A COW being driven down Bromsgrove High Street by a youth employed by Mr Lloyd ran off and entered Mr Noake's chemist shop.
100 years ago
January 19, 1901
A COW being driven down Bromsgrove High Street by a youth employed by Mr Lloyd ran off and entered Mr Noake's chemist shop. The animal was forced to back out, but not before causing damage put at 15/- (75p).
EXCITEMENT was mounting as the date of Bromsgrove's eagerly awaited charity ball approached later this month.
Tickets, priced at 7/6 (37.5p), were being snapped up. This year, in response to previous complaints, the dance floor would be covered in a special fabric.
The evening was set to start at 9pm and go through to 3am. Last year's event, which was one of the highlights of the social calendar, was called off because of the war against the Boars in South Africa.
A STRANGE tale emanated from Sidemoor, in Bromsgrove, this week. Elsie Corbett, aged 13, claimed a man wielding a knife had set upon her demanding money or else he would cut off her hand. Police became suspicious of her story when she claimed he had fled with her wages, 4/10 (24p), she received from the Clothing Factory at Aston Fields.
Her wage was in fact just 1/10 (9p). Later she admitted to having fabricated the attack but refused to say why.
STOKE Prior residents turned out in large numbers to see some entertainment staged in the schoolroom to raise cash to pay for a district nurse for the area.

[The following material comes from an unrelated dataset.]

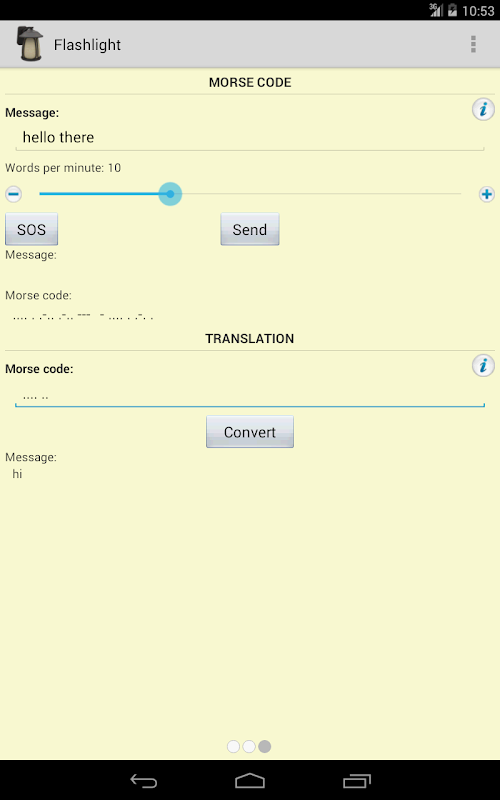 Multipurpose applications for lighting with LED or display. Contains flashing, transmission and translation of Morse code.
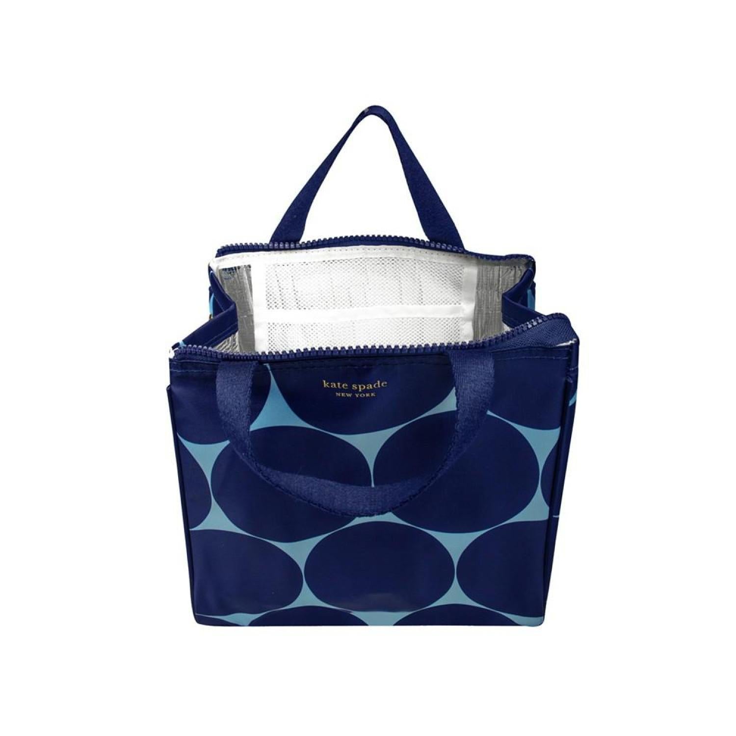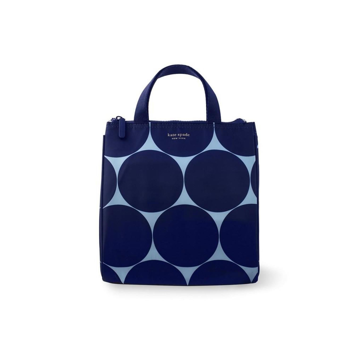 • Brown-bagging it never looked so gourmet. Designed by Kate Spade, this lunch bag's chic mod dot cover is complemented by an insulated interior, a practical top handle and a coordinating zipper pull for a smart finishing touch.

Around £20 was raised on the night.
ALBERT Withers, from Halesowen, found himself in front of Bromsgrove magistrates charged with stealing a lamp, worth 12/6 (72.5p), from a carriage at the Rose and Crown pub, in Rubery.

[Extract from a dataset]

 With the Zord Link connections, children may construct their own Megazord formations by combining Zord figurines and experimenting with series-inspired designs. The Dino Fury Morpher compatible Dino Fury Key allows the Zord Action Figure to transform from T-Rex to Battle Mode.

He was committed to the next Quarter Sessions at Worcester and bailed in the sum of £20 and two sureties of £10 each.
50 years ago
January 20, 1951
ALL Saints' and Blackwell Recovery Hospitals, in Bromsgrove, had agreed to take flu patients from Birmingham where an epidemic was raging. City hospitals had been forced to shut beds because of staff shortages caused by illness. But Bromsgrove was faring little better. At Barnsley Hall Hospital, 18 nurses had been hit by the bug.
MISS Mary Corbett, the last survivor of the seven children of "Salt King" John Corbett, died in Towyn, Wales, aged 93. Her father, who had been MP for Droitwich Spa, had died at Impney in 1901.

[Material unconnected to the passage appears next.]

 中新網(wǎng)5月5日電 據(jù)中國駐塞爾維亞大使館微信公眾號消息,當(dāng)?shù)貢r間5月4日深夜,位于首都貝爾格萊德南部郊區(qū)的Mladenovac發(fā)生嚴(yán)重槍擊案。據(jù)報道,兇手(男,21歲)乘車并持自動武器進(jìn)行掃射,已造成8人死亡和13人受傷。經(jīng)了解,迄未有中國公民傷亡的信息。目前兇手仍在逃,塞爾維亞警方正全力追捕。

DR DEREK Harbord, of Wisbech, had been named as Stoke Prior's first GP. His appointment followed a long battle to get a doctor for the area. L G Harris, boss of the Stoke Prior brush works, had offered part of his premises for a surgery.
BROMSGROVE was one of eight towns in the county earmarked to get a College of Further Education, when the present economic situation in the country improved. A 40-acre site in Well Lane was the likely place where the £350,000 project would be built.
THE first panto in Hanbury, staged by enthusiastic members of the village youth club, played to large and appreciative audiences in the Parish Hall. The Alexandra Theatre, in Birmingham, had lent some of the costumes for their production of Cinderella. One of the highlights were the song and dance routines by the Hanbury Babes.
25 years ago
January 16, 1976
THE Rev David Tonge, aged 45, was set to become priest-in-charge at St Godwald's Church, Finstall, following the retirement of the Rev Leslie Dicker. Mr Tonge was coming to Bromsgrove from a parish in Kidderminster.
BROMSGROVE Rovers turned in one of their best performances in recent years when they knocked out visitors Worcester City in the FA Challenge Cup. Bobby Werhun scored both Rovers' goals.
POLICE warned traders and shoppers in Bromsgrove to be on their guard over dud 50p coins circulating in the town. A spokesman said forgers had now turned to making the coins as it was no longer worth their while making ten pences.
FLAGS, canopies, bunting, large signs and window stickers used increasingly to entice customers to fill up at service stations were disfiguring Bromsgrove it was claimed. The town's planners were to look at the problem.
ENGINEERS were at North Bromsgrove High School to record class 3M pupils singing The Marseillaise, the French national anthem, for a BBC play, the Rose Garden, soon to be broadcast on Radio 4.